Supplied material Block Start

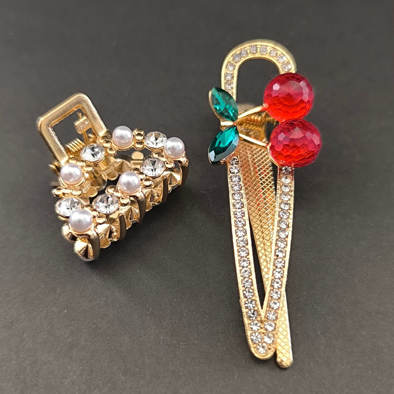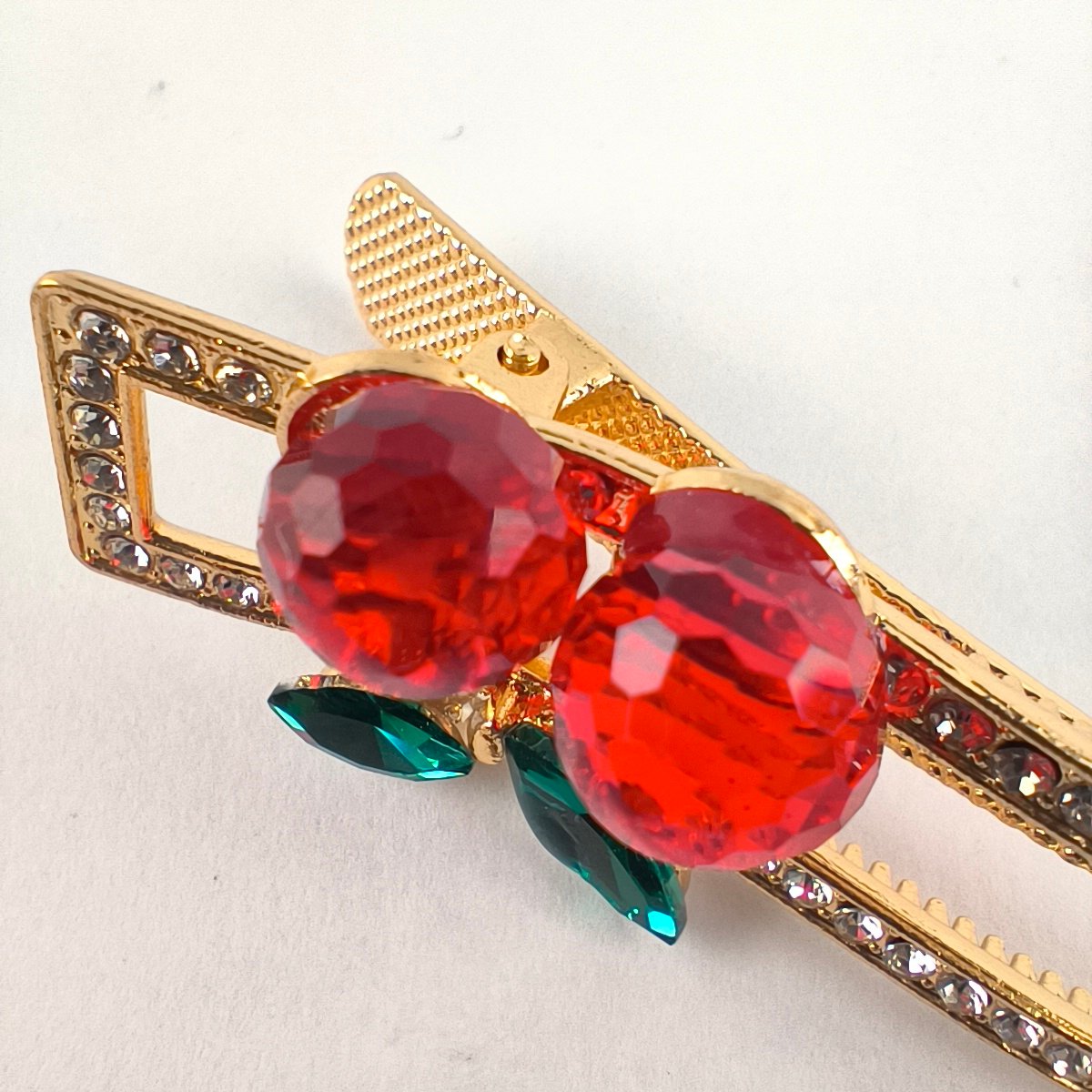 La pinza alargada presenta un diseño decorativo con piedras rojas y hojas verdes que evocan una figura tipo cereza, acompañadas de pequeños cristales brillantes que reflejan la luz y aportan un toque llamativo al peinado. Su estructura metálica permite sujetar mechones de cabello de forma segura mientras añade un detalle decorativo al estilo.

Supplied material Block End
Supplied material Block Start

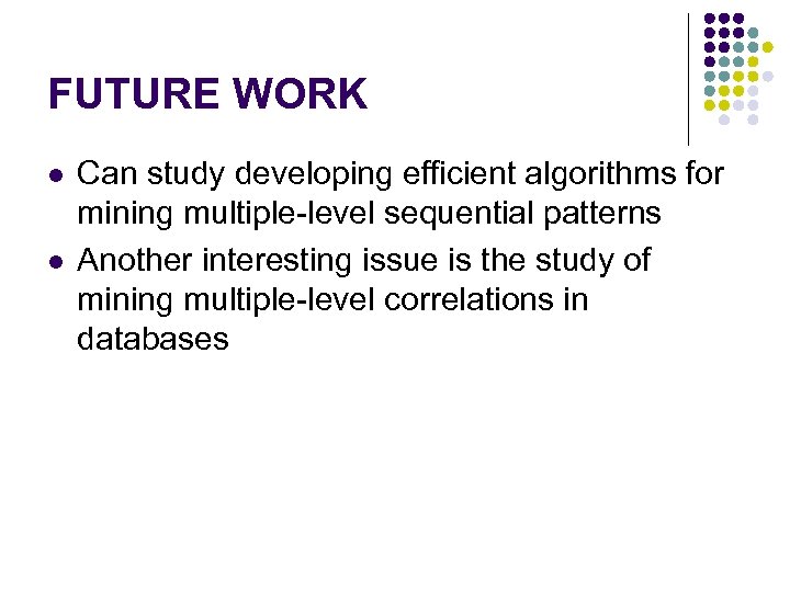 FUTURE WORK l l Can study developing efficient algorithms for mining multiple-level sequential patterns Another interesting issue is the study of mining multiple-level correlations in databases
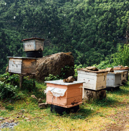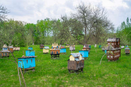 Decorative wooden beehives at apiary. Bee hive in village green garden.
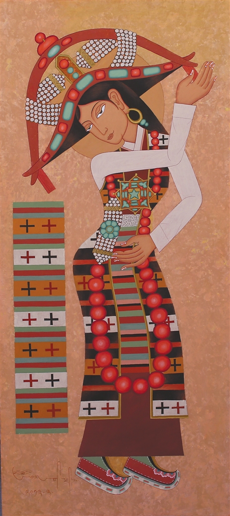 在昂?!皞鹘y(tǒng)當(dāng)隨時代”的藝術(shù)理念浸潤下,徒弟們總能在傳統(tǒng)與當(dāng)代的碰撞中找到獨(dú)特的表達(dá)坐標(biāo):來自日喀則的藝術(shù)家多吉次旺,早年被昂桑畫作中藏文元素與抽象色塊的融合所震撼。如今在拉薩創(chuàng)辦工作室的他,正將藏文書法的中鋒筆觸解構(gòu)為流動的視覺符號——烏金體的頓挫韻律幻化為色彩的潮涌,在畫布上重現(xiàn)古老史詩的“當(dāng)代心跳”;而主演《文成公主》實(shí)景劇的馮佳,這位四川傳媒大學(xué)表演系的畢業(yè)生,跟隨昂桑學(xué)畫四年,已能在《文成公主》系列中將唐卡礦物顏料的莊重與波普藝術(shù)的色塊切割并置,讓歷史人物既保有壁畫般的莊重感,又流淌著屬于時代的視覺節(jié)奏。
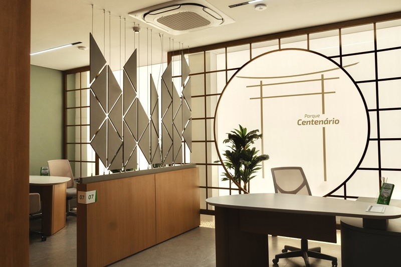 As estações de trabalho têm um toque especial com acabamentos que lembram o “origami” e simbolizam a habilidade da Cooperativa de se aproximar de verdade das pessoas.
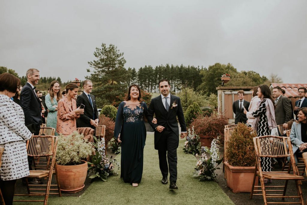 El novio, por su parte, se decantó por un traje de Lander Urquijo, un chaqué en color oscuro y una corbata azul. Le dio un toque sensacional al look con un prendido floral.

Supplied material Block End
Supplied material Block Start

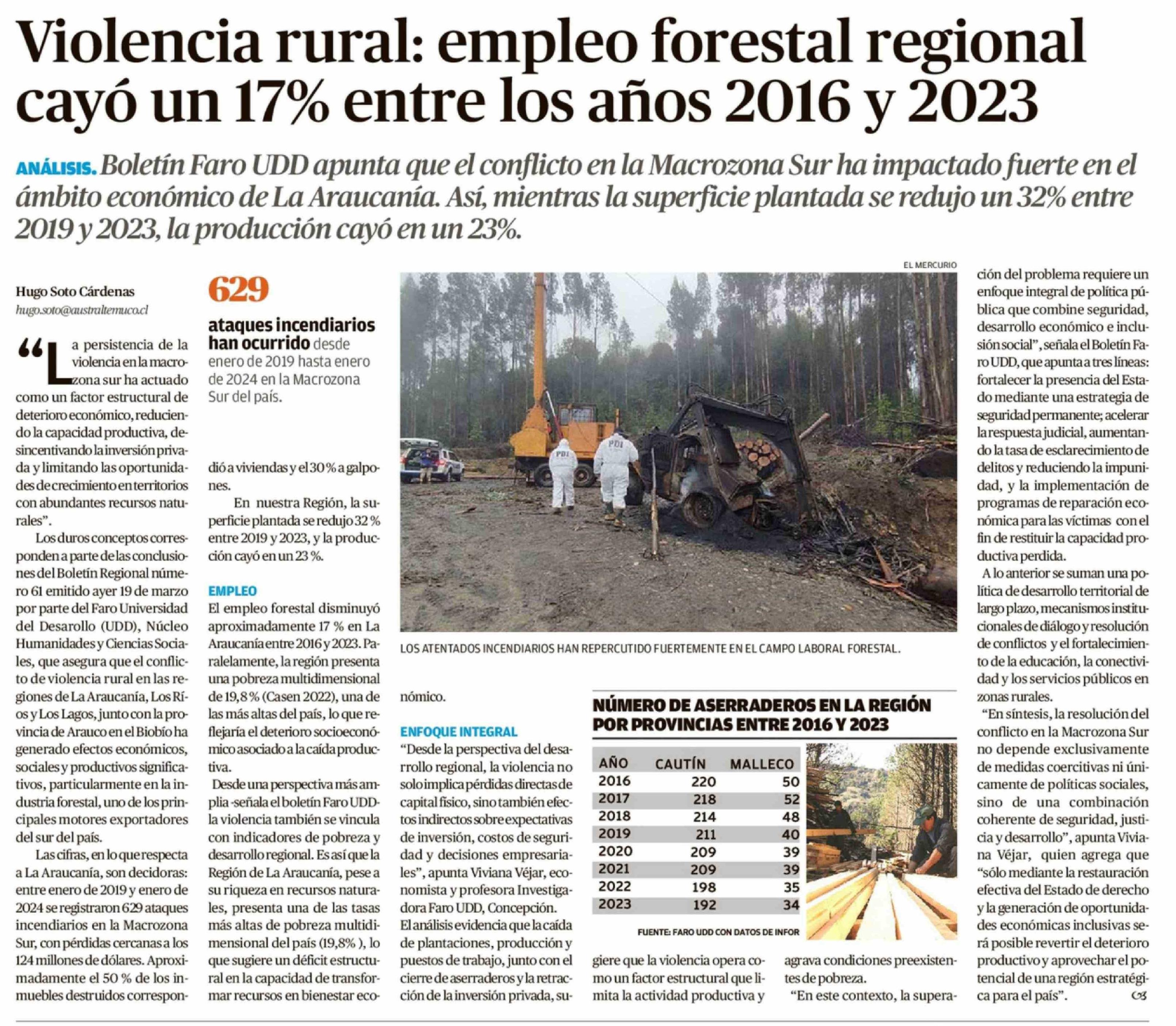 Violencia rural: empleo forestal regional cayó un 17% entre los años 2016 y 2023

Supplied material Block End

Work item: Only the lines above from the one with "FUTURE WORK l" to the one with "As estações de" should be printed, both included and exactly as written; no picture belongs in the copy.

Response for this exercise:
 FUTURE WORK l l Can study developing efficient algorithms for mining multiple-level sequential patterns Another interesting issue is the study of mining multiple-level correlations in databases
 Decorative wooden beehives at apiary. Bee hive in village green garden.
 在昂?!皞鹘y(tǒng)當(dāng)隨時代”的藝術(shù)理念浸潤下,徒弟們總能在傳統(tǒng)與當(dāng)代的碰撞中找到獨(dú)特的表達(dá)坐標(biāo):來自日喀則的藝術(shù)家多吉次旺,早年被昂桑畫作中藏文元素與抽象色塊的融合所震撼。如今在拉薩創(chuàng)辦工作室的他,正將藏文書法的中鋒筆觸解構(gòu)為流動的視覺符號——烏金體的頓挫韻律幻化為色彩的潮涌,在畫布上重現(xiàn)古老史詩的“當(dāng)代心跳”;而主演《文成公主》實(shí)景劇的馮佳,這位四川傳媒大學(xué)表演系的畢業(yè)生,跟隨昂桑學(xué)畫四年,已能在《文成公主》系列中將唐卡礦物顏料的莊重與波普藝術(shù)的色塊切割并置,讓歷史人物既保有壁畫般的莊重感,又流淌著屬于時代的視覺節(jié)奏。
 As estações de trabalho têm um toque especial com acabamentos que lembram o “origami” e simbolizam a habilidade da Cooperativa de se aproximar de verdade das pessoas.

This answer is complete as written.